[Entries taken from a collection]

========

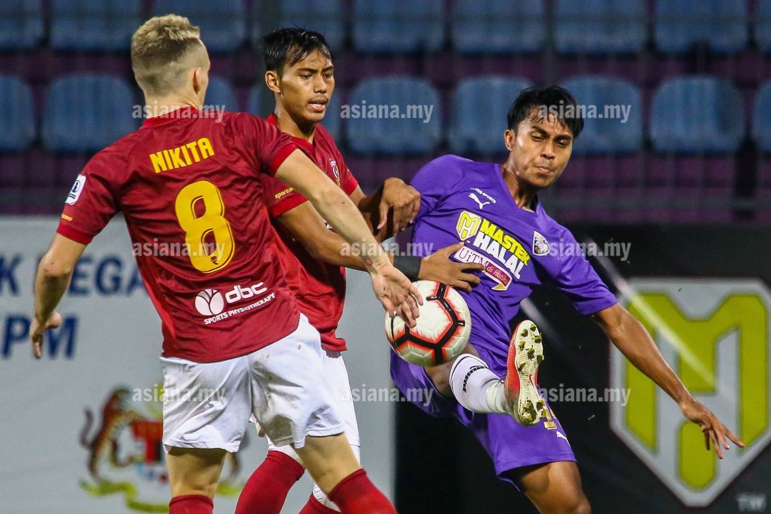 LP 85 - UiTM FC vs Selangor United,Liga Premier 2019,24 May 2019,Stadium UiTM Shah Alam,photo by Afiq Ismail/www.asiana.my,(14) MOHAMMAD AMER AZAHAR,(3) NUR IQMAL HARUN,(8) NIKITA PAVLENKO,
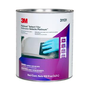 3M™ Platinum™ Select Filler features a super creamy formula that greatly reduces pinholes, and reduces primer usage up to 30% vs. traditional lightweight body fillers. It delivers extreme adhesion to properly prepared steel, galvanised steel, aluminium, e-coat, SMC, FRP and more. Filler is stain free and tack free, ideal for nearly all base coat/clear coat and waterborne paint systems.
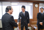 会田市長から激励を受ける五輪出場内定の富沢慎選手(中央) (2008/02/26)
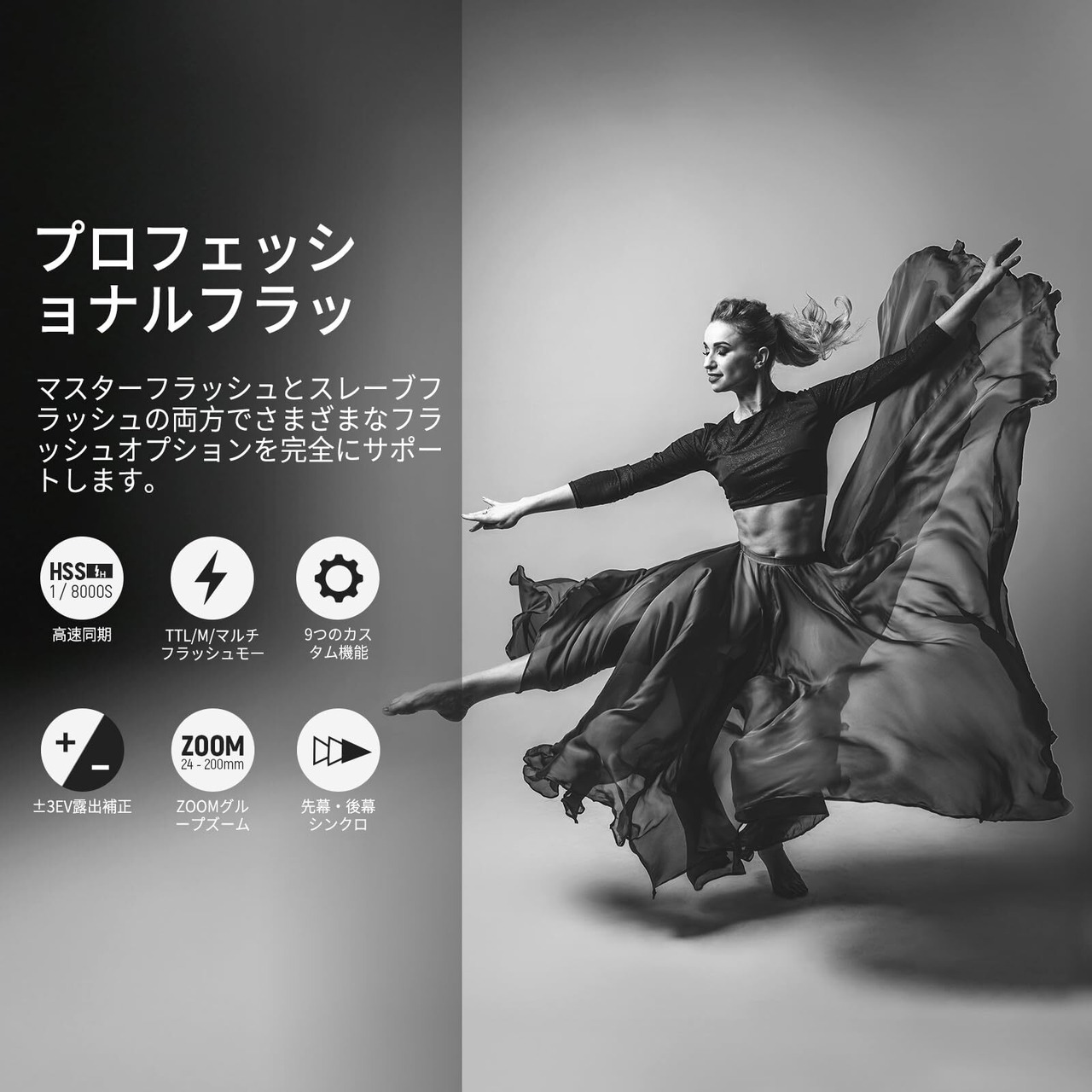 【シングルポイントトリガー】MENUボタンからC.Fn SHOOTと入力すると、カメラに取り付けられたトリガーでシングルポイントトリガーが開始され、高速連続撮影を実現します。ご注意: M/Multiモードではトリガーのみが点滅し、パラメータ調整用ではありません。1/8000秒の高速同期により、シャッタースピードが速くなり、動きの速い被写体に最適です。また、薄暗い場所でカメラの焦点が合わないときに自動的に点灯するフォーカスアシストライトをサポートします。
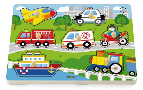 Drevené zvukové puzzle s dopravnými prostriedkami.
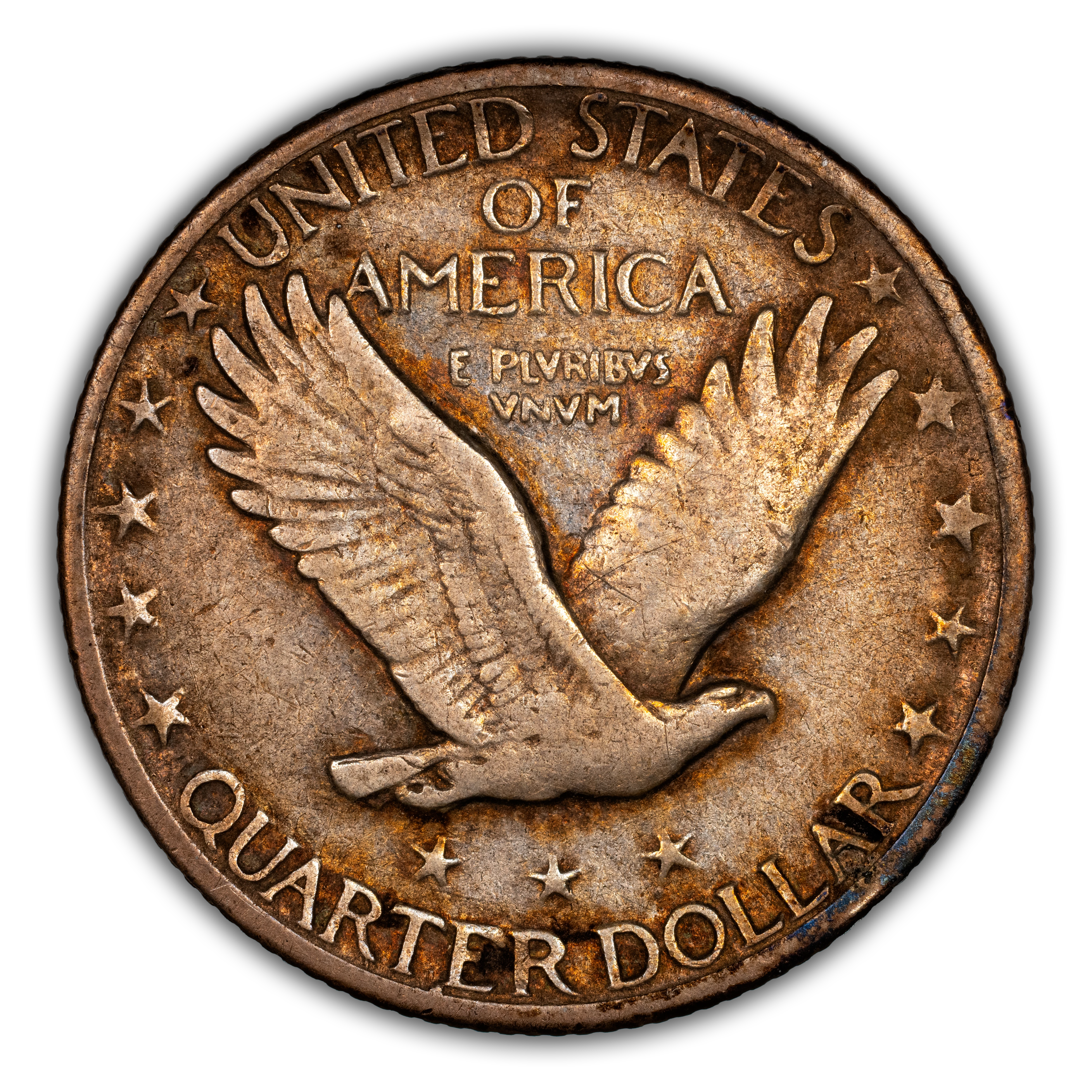 Reverse: An eagle in full flight, facing right, with UNITED STATES OF AMERICA above the great raptor. Stars flank the left and right peripheries with the words QUARTER DOLLAR at the bottom.

========

## Task instructions
All lines from the line with "Drevené zvukové puzzle" through the final line of the data, both included, are to be repeated exactly; no other lines and no pictures.

## Solution for this problem
 Drevené zvukové puzzle s dopravnými prostriedkami.
 Reverse: An eagle in full flight, facing right, with UNITED STATES OF AMERICA above the great raptor. Stars flank the left and right peripheries with the words QUARTER DOLLAR at the bottom.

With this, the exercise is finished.